Mira que los relaciones públicas sojas de la BBC se han hartado de decir que el Doctor interpretado por Ncuti Gatwa ha escenificado el primer beso gay de la historia de la serie (como si ése fuese un argumento que hiciera obligado su visionado, en nombre de la REPPPPPPPPRESENTEISHON), y mira que la prensa babiosa y canallesca se ha hartado de repetirlo, y mira que los fans pollaviejas se han cansado de desmentirlo, sin que nadie les hiciese caso, aparentemente.


Y es que, no sé los demás, pero, cuando yo me pongo una película, lo mínimo que le exijo es que durante noventa minutos me entretenga. Me distraiga. Si, de paso, me conmueve, me enseña algo que no sabía o me psicotiza con su belleza estética, mejor que mejor, pero no es absolutamente imprescindible.

Y no creo ser el único al que, hace mucho tiempo, le reventaron los dos cojones, y otros dos que pedí prestados, el descubrimiento de que era una misión cercana a lo imposible ver un largometraje o una serie sin que el director y/o el guionista dedicasen cada minuto de metraje a intentar hacerme sentir culpable por haber nacido hombre, heterosexual (Alertas Tempranas Homo causadas por la casi élfica belleza equívoca de Hunter Schafer aparte), blanco, europeo, en una familia estructurada y relativamente feliz, y haber mamado desde niño una cultura de tradición judeocristiana.
Repite conmigo: «nació con pilila, nació con pilila, nació con pilila».
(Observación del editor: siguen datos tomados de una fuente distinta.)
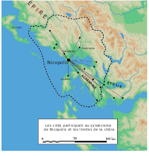 Nicopolis (Greek: Νικόπολις Nikópolis, "City of Victory") or Actia Nicopolis was the capital city of the Roman province of Epirus Vetus. It was located in the western part of the modern state of Greece. The city was founded by Caesar Augustus in commemoration of his victory in 31 BC over Antony and Cleopatra at the Battle of Actium nearby. It was soon made the major city of the wider region of Epirus region. Many impressive remains of the ancient city may be visited today.
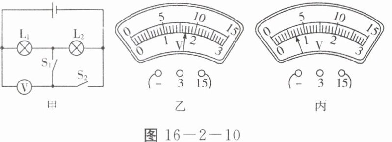 4. 如图 16-2-10 甲所示,电源电压恒定。当开关 $S_1$ 断开、$S_2$ 闭合时,电压表的示数如图 16-2-10 乙所示;当开关 $S_1$ 闭合、$S_2$ 断开时,电压表的示数如图 16-2-10 丙所示,则灯泡 $L_1$,$L_2$ 两端的电压分别为(

Cuando el Arte sirve a una ideología no es cultura, es propaganda.

Cuando una película renuncia a contarme una historia, presentarme unos personajes atractivos, sugerirme un drama interesante o epatarme con su belleza formal para intentar cambiar mi forma de pensar, no es una película, es una sesión de lavado de cerebro.

Y yo sólo voy al cine a olvidar, durante al menos hora y media, que la vida es una mierda y, encima, vas al final y te mueres.

Y no creo ser el último. Puede que algunas de esas personas que han dejado de ir al cine últimamente también se sientan igual que yo.

En fin, no sé. Es sólo una teoría.

La práctica es que la gente está cada vez más harta del cine.

Y tal vez la industria debería empezar a dejar de mirarse el ombligo y comenzar a hacer algo al respecto, en vez de seguir repitiendo los mismos errores y culpar a sus clientes del resultado.